CentOS doesn’t ship with NGINX in its repositories by default. Therefore we need to add a different repository, called the ‘EPEL’ repository. This repository contains a lot of packages, amongst which NGINX. To add it, run:

sudo yum install https://dl.fedoraproject.org/pub/epel/epel-release-latest-7.noarch.rpm

You are now set to install nginx!

Installation

Installation is easy:

sudo yum install nginx

It again asks you if you want to continue. Several other packages have been selected as well, as NGINX requires those. Type ‘y’ again to start the installation.
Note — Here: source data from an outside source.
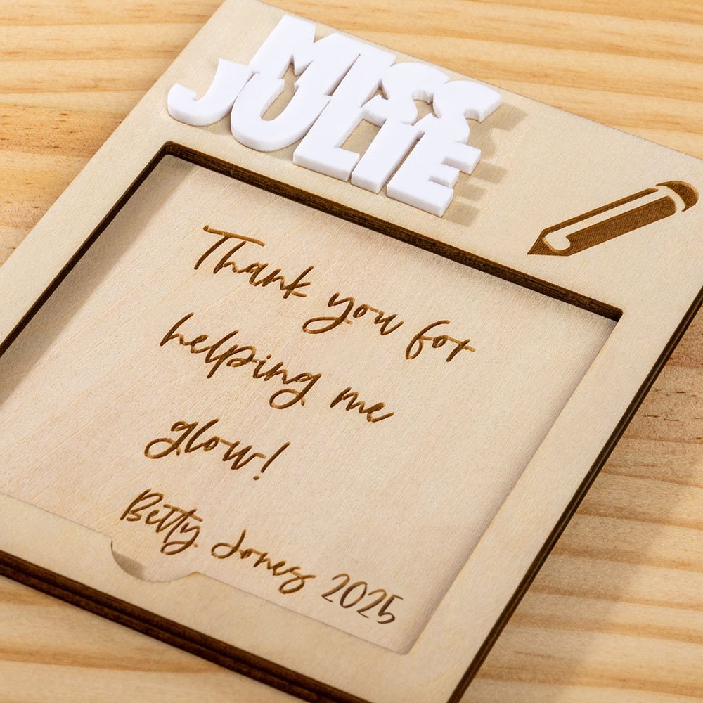 I nostri portablocco presentano un'incisione 3D per un effetto visivo unico e possono essere personalizzati con il nome dell'insegnante in alto e un messaggio di ringraziamento in basso, in modo che l'insegnante possa vedere il vostro messaggio a sorpresa quando finisce i foglietti adesivi. Queste personalizzazioni si combinano con matite, fiori e altri elementi per creare un accessorio da ufficio unico e pratico, aggiungere un tocco di eleganza alla scrivania ed esprimere il vostro apprezzamento per gli insegnanti.
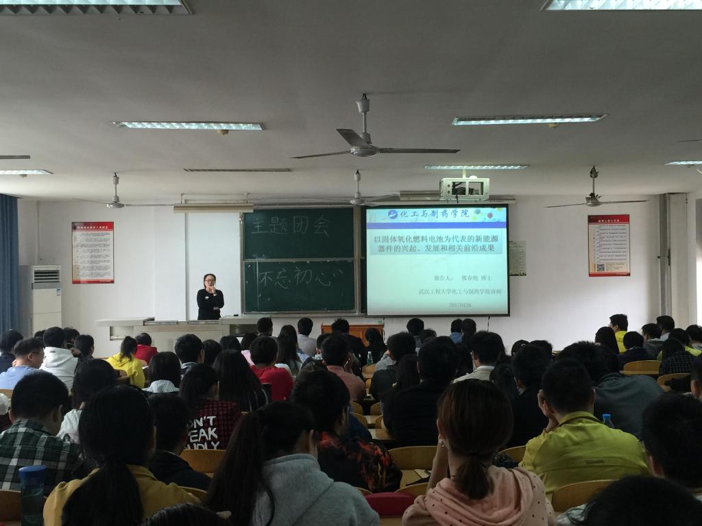 4月26日上午,永利集团304am登录熊春艳博士应邀在流芳校区一教学楼L1402教室为学生做了主题为“以固体氧化物燃料电池为代表的新能源器件的兴起、发展和相关前沿成果”的学术报告。报告会由吴华东博士主持。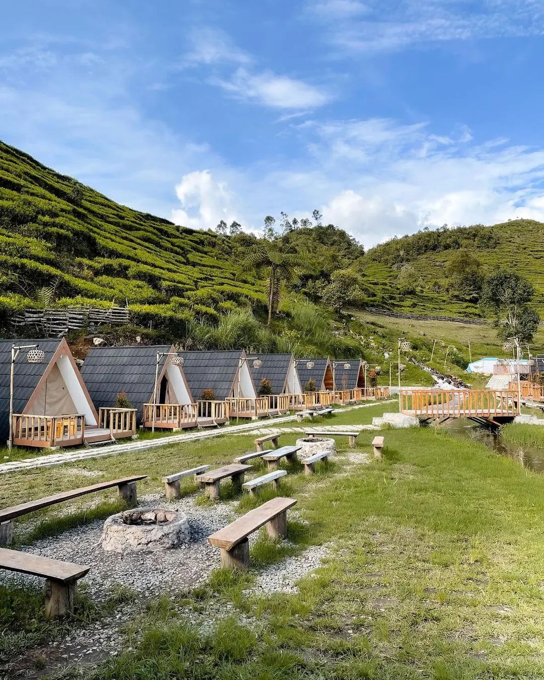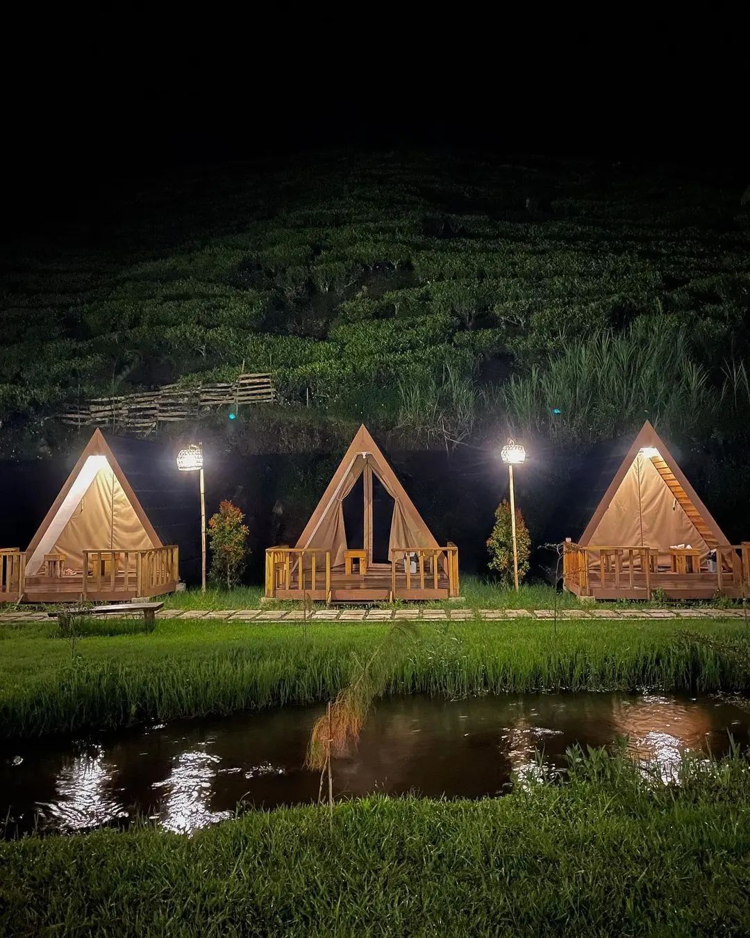 Di Ecopark Curug Tilu, kamu bisa merasakan sensasi glamping di tenda yang cukup besar dan memiliki kasur. Tempatnya dikelilingi pemandangan kebun teh yang sangat asri dan udaranya pun sejuk.

Once the installation is finished, NGINX will have been installed but is not yet running. In order to start it, type:

sudo systemctl start nginx

You should now be able to go to you server’s IP address and you should see NGINX’s default page. That’s how easy it was!

Two more things, though:

First of all, if you reboot, NGINX won’t be started automatically. In order to achieve that, run the following command:

sudo systemctl enable nginx

The command itself doesn’t start NGINX, but ensures it starts automatically at boot. And it would be quite convenient if that were the case, of course.

Second, the default page may not be what you are looking for. So, if you want to replace the default files with something else, go to the following directory:

/usr/share/nginx/html

And modify/replace the files in there. Either do this as root (‘sudo su root’) or use sudo before every command to ensure things go well. Alternatively, you can make all the files owned by www-data, by running:

sudo chown -R www-data:www-data /usr/share/nginx/html


That’s it for this time! Hope you liked the tutorial!

 

 

mpkossen

3 Comments

  1. lolz
    just last week I tried similer tutorial with virtualmin but it gave directory error

    September 21, 2015 @ 7:21 pm | Reply
  2. Nice tutorial, btw if you want nginx installer with php/hhvm – mysql on centos 7, check otoinstall.com :)

    September 27, 2015 @ 4:08 am | Reply
  3. I followed the steps, and here is the error I got:
    This site can’t be reached
    192.168.1.30 took too long to respond.